TASK → Each line below must be reproduced exactly, though the pictures are to be dropped.

RECORDED INFORMATION →
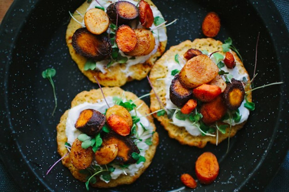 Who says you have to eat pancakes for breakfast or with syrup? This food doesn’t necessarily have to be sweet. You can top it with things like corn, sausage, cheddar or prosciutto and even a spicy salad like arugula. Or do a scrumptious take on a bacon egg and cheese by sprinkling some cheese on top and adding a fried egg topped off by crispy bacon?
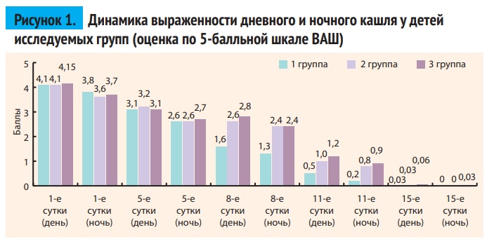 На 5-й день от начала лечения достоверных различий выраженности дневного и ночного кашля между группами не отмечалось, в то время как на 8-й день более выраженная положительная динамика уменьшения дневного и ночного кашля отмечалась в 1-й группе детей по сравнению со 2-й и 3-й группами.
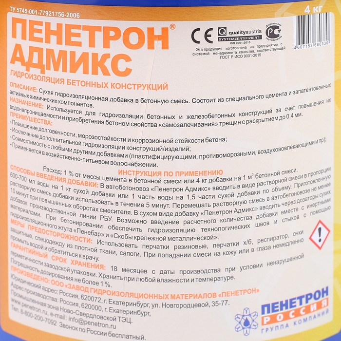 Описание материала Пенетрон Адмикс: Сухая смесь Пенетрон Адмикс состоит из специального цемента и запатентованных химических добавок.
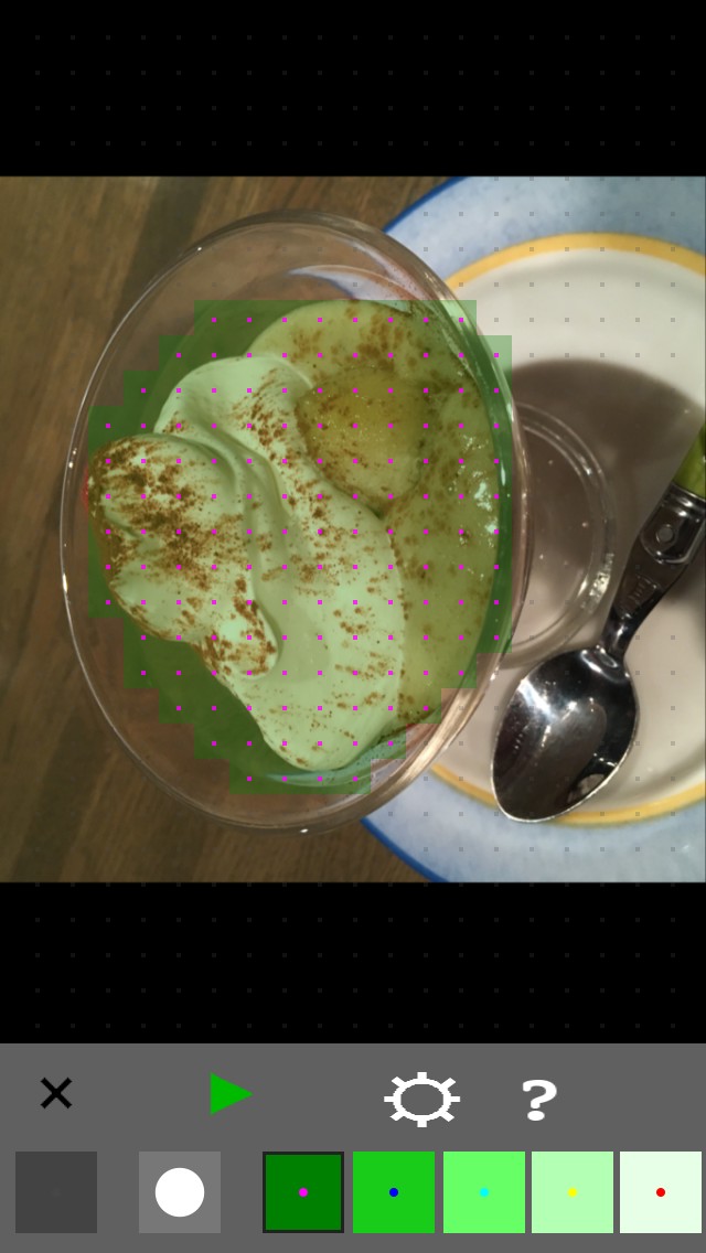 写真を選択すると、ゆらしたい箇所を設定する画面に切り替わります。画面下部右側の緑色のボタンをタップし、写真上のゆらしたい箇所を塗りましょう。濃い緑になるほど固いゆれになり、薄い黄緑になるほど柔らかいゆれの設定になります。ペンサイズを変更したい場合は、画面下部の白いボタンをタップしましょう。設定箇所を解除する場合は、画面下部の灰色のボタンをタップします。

TASK OUTPUT →
 Who says you have to eat pancakes for breakfast or with syrup? This food doesn’t necessarily have to be sweet. You can top it with things like corn, sausage, cheddar or prosciutto and even a spicy salad like arugula. Or do a scrumptious take on a bacon egg and cheese by sprinkling some cheese on top and adding a fried egg topped off by crispy bacon?
 На 5-й день от начала лечения достоверных различий выраженности дневного и ночного кашля между группами не отмечалось, в то время как на 8-й день более выраженная положительная динамика уменьшения дневного и ночного кашля отмечалась в 1-й группе детей по сравнению со 2-й и 3-й группами.
 Описание материала Пенетрон Адмикс: Сухая смесь Пенетрон Адмикс состоит из специального цемента и запатентованных химических добавок.
 写真を選択すると、ゆらしたい箇所を設定する画面に切り替わります。画面下部右側の緑色のボタンをタップし、写真上のゆらしたい箇所を塗りましょう。濃い緑になるほど固いゆれになり、薄い黄緑になるほど柔らかいゆれの設定になります。ペンサイズを変更したい場合は、画面下部の白いボタンをタップしましょう。設定箇所を解除する場合は、画面下部の灰色のボタンをタップします。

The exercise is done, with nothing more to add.